RECORD SET:
========================================================================

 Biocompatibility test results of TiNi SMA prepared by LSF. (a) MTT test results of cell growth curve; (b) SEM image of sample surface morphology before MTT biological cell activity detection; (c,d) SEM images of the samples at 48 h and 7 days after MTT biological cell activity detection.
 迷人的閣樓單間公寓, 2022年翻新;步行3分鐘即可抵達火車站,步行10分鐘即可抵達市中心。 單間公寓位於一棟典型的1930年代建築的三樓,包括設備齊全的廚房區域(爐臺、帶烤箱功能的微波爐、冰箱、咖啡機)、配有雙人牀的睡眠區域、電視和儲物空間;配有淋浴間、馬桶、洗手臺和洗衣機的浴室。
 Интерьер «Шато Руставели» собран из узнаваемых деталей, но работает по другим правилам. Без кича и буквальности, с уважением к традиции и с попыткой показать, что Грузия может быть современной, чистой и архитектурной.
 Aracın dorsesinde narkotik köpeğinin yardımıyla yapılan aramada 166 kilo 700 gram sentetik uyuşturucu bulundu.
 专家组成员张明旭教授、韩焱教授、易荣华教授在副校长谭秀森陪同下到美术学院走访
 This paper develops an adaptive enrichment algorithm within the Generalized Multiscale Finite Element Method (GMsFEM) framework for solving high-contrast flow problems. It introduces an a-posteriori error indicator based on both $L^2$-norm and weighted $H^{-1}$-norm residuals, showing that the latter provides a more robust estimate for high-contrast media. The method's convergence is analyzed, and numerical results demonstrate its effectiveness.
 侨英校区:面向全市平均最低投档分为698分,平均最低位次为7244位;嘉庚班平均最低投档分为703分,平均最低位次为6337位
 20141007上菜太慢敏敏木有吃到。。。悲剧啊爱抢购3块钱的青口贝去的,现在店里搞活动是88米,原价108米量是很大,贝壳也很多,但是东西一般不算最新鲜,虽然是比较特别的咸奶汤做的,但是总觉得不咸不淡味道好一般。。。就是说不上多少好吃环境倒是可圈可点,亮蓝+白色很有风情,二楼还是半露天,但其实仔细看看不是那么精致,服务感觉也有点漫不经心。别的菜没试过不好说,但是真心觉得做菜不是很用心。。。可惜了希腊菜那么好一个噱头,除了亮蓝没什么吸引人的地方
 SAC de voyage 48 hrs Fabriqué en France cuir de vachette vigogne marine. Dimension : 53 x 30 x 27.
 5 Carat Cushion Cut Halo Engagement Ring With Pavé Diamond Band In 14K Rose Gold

========================================================================

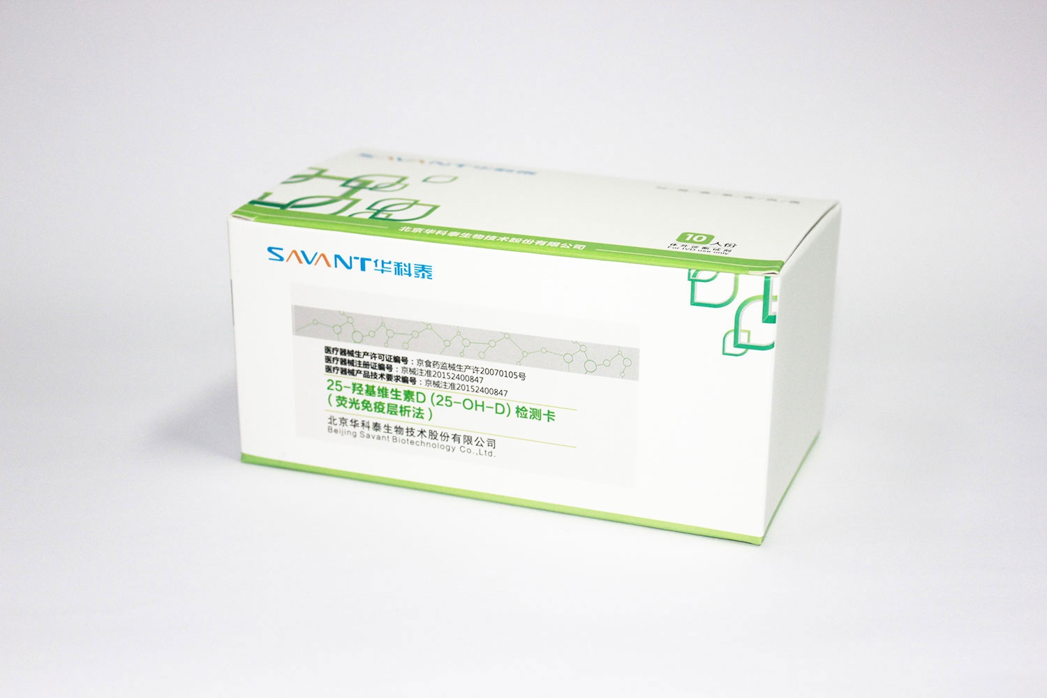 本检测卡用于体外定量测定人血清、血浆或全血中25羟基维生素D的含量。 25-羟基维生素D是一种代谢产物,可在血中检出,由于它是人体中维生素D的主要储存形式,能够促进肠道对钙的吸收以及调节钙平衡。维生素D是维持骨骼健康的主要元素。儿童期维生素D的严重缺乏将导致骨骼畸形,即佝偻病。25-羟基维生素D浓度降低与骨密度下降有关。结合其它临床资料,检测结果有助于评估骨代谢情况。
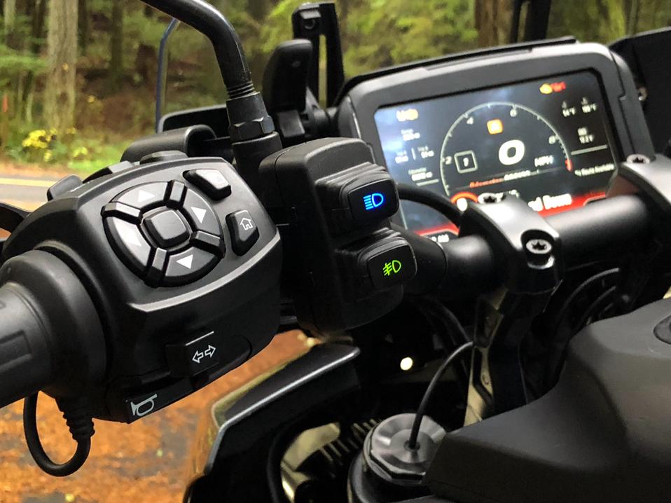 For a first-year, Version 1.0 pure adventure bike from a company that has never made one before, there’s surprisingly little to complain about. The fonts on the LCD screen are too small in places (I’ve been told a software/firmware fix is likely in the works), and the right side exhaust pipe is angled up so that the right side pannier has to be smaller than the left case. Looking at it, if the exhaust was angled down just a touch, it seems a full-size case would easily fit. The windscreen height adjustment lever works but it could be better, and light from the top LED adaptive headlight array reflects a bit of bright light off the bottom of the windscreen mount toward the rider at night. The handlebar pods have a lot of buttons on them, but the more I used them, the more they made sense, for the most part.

========================================================================

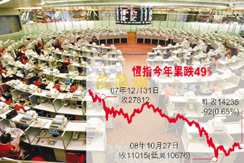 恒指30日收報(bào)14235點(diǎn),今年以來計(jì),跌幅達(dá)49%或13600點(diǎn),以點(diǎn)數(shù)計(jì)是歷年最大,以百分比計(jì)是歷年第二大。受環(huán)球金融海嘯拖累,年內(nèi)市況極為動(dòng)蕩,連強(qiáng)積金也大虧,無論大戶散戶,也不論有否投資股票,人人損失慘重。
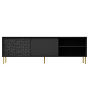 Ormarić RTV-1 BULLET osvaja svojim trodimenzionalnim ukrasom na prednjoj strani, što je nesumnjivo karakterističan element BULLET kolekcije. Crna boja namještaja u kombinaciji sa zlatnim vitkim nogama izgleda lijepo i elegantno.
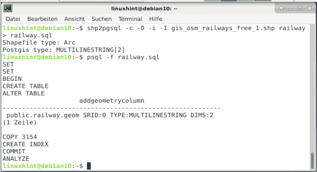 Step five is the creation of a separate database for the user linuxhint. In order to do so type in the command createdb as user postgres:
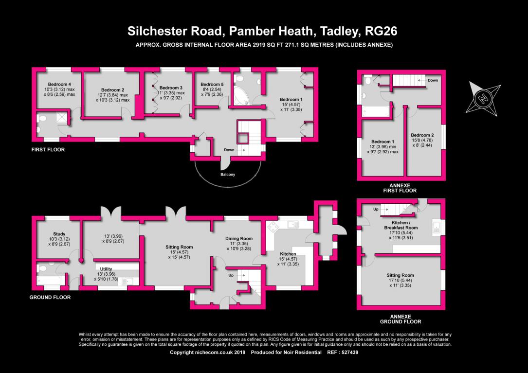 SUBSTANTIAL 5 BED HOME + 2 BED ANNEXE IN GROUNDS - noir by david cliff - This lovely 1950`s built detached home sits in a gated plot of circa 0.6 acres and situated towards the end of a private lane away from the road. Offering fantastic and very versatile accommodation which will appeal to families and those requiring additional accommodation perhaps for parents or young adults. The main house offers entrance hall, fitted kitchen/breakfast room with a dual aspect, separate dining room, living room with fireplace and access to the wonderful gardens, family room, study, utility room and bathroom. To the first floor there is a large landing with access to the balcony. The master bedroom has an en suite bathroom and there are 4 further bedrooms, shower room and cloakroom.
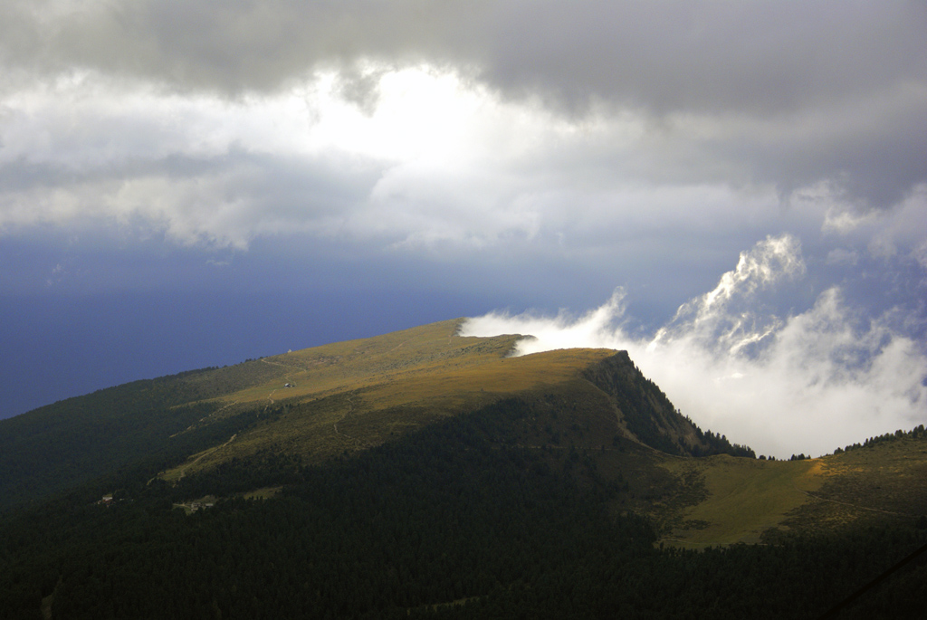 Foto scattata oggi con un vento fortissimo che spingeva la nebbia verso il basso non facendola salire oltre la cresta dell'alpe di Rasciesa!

========================================================================

EXERCISE AIM:
Above is the material; set down exactly its lines from the one containing "恒指30日收報(bào)14" down to the one containing "SUBSTANTIAL 5 BED", both included, leaving out any pictures.

THE COMPLETED TASK:
 恒指30日收報(bào)14235點(diǎn),今年以來計(jì),跌幅達(dá)49%或13600點(diǎn),以點(diǎn)數(shù)計(jì)是歷年最大,以百分比計(jì)是歷年第二大。受環(huán)球金融海嘯拖累,年內(nèi)市況極為動(dòng)蕩,連強(qiáng)積金也大虧,無論大戶散戶,也不論有否投資股票,人人損失慘重。
 Ormarić RTV-1 BULLET osvaja svojim trodimenzionalnim ukrasom na prednjoj strani, što je nesumnjivo karakterističan element BULLET kolekcije. Crna boja namještaja u kombinaciji sa zlatnim vitkim nogama izgleda lijepo i elegantno.
 Step five is the creation of a separate database for the user linuxhint. In order to do so type in the command createdb as user postgres:
 SUBSTANTIAL 5 BED HOME + 2 BED ANNEXE IN GROUNDS - noir by david cliff - This lovely 1950`s built detached home sits in a gated plot of circa 0.6 acres and situated towards the end of a private lane away from the road. Offering fantastic and very versatile accommodation which will appeal to families and those requiring additional accommodation perhaps for parents or young adults. The main house offers entrance hall, fitted kitchen/breakfast room with a dual aspect, separate dining room, living room with fireplace and access to the wonderful gardens, family room, study, utility room and bathroom. To the first floor there is a large landing with access to the balcony. The master bedroom has an en suite bathroom and there are 4 further bedrooms, shower room and cloakroom.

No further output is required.